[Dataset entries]
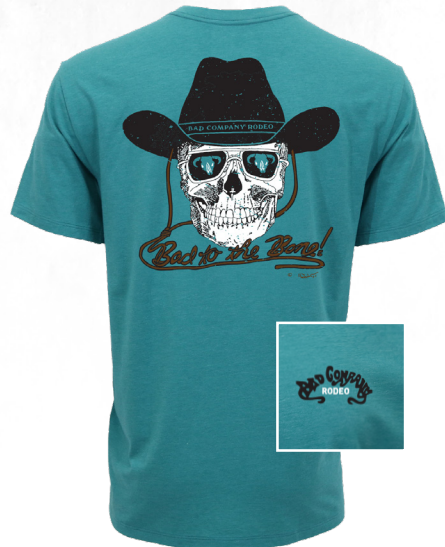
HT1835TL - Teal 50% COTTON / 50% POLYESTER 1600/3200 S-XXL (1-2-3-2-1) 1600/3200 XXXL YOUTH HT1835TL-Y 1250/2500 XS-XL (1-2-2-2-1)
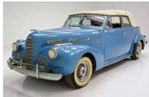
1940 LaSalle Convertible Sedan ...
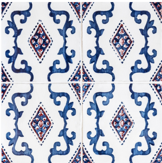
TL91060 india crackled 8"x8"x3/8" in stock
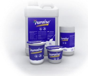
PROBIOTIC YOGURT PRODUCTION
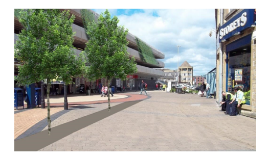
Macaulay Street – Existing and Potential

2.9 Hostile Vehicle Mitigation (HVM) measures also form part of the HTCDF. Protective security measures for crowded places are considered as part of the design process and features in Highways new build or refurbishment projects. Counter-terrorism measures and increased safety features such as HVM planters also enable dual functionality such as enhancing and greening the street environment. Trees in such planters, together with structural artwork/framework, could potentially also support Christmas lights in winter for example. They also
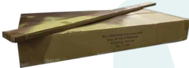
1 SET OF RACKING: 1 Set Of 1800mm Angle Upright & Racking Parts
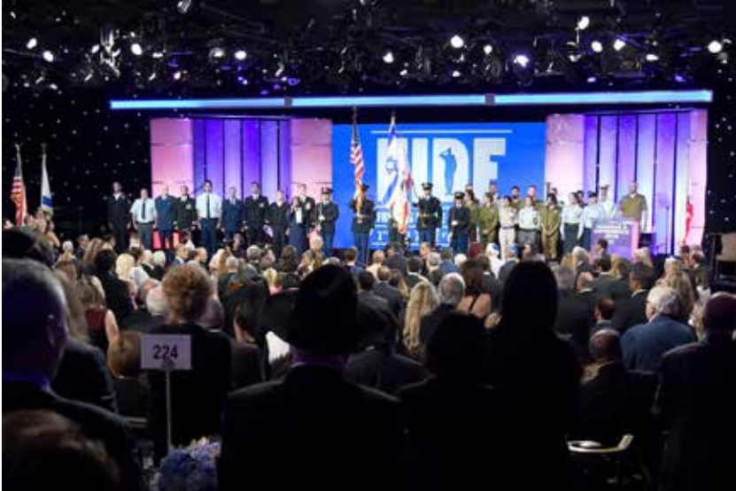
Friends of the IDF Western Region Gala, Beverly Hills, California, November 3, 2018.
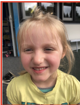
Winter - Room 1
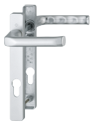
L13078 92mm Centres Silver
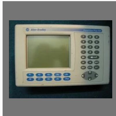
Panelview Plus 600
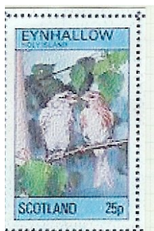
HOARY REDPOLL (Probable), Carduelis hornemanni Fringillidae (194.080) Eynhallow, 1981, 25 pence
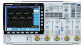
GDS-3000A Series 650MHz /350MHz BW, 2 Input Channels, 5-2.5GSa/S
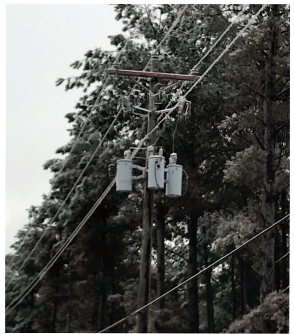
EMEPA crews work to restore power throughout parts of Kemper County following the winter storm that barreled through Mississippi last week, causing a number of outages.
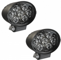
Part Number 0550673 12-24V DOT LED Auxiliary Light with Driving Beam - 2 Light Kit
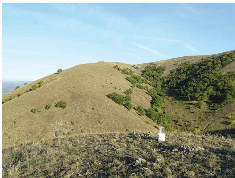
Fig. 5. Habitat of Eochorica balcanica (Rebel, 1919) at Preševo town municipality, 2 km W from Trnava village, 696 m, September 2015.

Babuna Mts, Prilep district, near Pletvar Pass, above Trojanci village, 740 m, N41°23'07", E021°43'31", 8.ix.1997, 3 ♂♂, dry limestone mountain slopes with Quercus forest around, leg. S. Beshkov & V. Gashtarov, lamp and light trap

Exercise
Tally the lines of the data that contain the word "village", and give only that tally.

Finished task
2